Direct methanol fuel cell (DMFC) is fueled with liquid methanol coupled with air to produce power at reasonably lower operational conditions while resulting in by-products of carbon dioxide and water, which is more environmentally friendly. Due to the complexity associated with the performance of direct methanol fuel cell, the application of artificial neural network (ANN) can significantly predict the characteristic performance of the cells. Nevertheless, limited studies have delved into the exploration of artificial neural network in the prediction of the transient characteristics of direct methanol fuel cells.

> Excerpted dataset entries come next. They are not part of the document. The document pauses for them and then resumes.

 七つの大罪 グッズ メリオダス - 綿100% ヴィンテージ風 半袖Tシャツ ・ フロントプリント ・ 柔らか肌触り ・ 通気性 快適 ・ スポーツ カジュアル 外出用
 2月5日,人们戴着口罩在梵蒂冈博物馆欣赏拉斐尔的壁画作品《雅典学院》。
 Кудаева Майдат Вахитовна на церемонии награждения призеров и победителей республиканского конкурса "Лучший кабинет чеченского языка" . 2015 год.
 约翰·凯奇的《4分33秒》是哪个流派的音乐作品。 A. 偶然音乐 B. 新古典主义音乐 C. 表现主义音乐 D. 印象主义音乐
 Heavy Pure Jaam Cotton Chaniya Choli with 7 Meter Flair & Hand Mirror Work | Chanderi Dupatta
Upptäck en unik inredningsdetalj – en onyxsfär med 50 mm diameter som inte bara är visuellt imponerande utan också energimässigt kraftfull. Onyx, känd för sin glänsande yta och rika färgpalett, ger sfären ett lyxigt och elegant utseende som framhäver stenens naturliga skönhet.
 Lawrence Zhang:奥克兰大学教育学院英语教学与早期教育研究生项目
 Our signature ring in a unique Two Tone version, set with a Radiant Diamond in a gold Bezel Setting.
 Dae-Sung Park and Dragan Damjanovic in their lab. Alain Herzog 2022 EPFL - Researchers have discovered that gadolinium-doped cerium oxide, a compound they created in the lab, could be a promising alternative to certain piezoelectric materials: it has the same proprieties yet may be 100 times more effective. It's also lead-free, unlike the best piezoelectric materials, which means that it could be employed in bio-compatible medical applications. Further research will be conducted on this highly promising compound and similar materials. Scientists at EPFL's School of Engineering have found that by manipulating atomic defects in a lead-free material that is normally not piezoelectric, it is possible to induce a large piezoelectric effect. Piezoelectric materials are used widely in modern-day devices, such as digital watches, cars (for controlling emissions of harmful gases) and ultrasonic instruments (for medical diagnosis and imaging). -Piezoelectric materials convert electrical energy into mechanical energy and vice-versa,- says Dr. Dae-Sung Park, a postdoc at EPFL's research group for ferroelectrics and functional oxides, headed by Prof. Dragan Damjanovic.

The current study however presents a detailed investigation into the prediction of the dynamic thermal characteristics of a direct methanol fuel cell stack subjected to varying operational environment. Parameters considered in the study as input include methanol concentration, anode as well as cathode inlet flow rates, coupled with current. Outcomes for the artificial neural network models for three varying learning algorithms were ascertained for anode and cathode temperatures, which were forecasted closely by models with higher number of hidden neurons. Such models have coefficients of determination of 0.95 or more and mean square error less than 0.04. Thus, the outcome of the study presents prospects for artificial neural network methods as optimum control approach in direct methanol fuel cell development.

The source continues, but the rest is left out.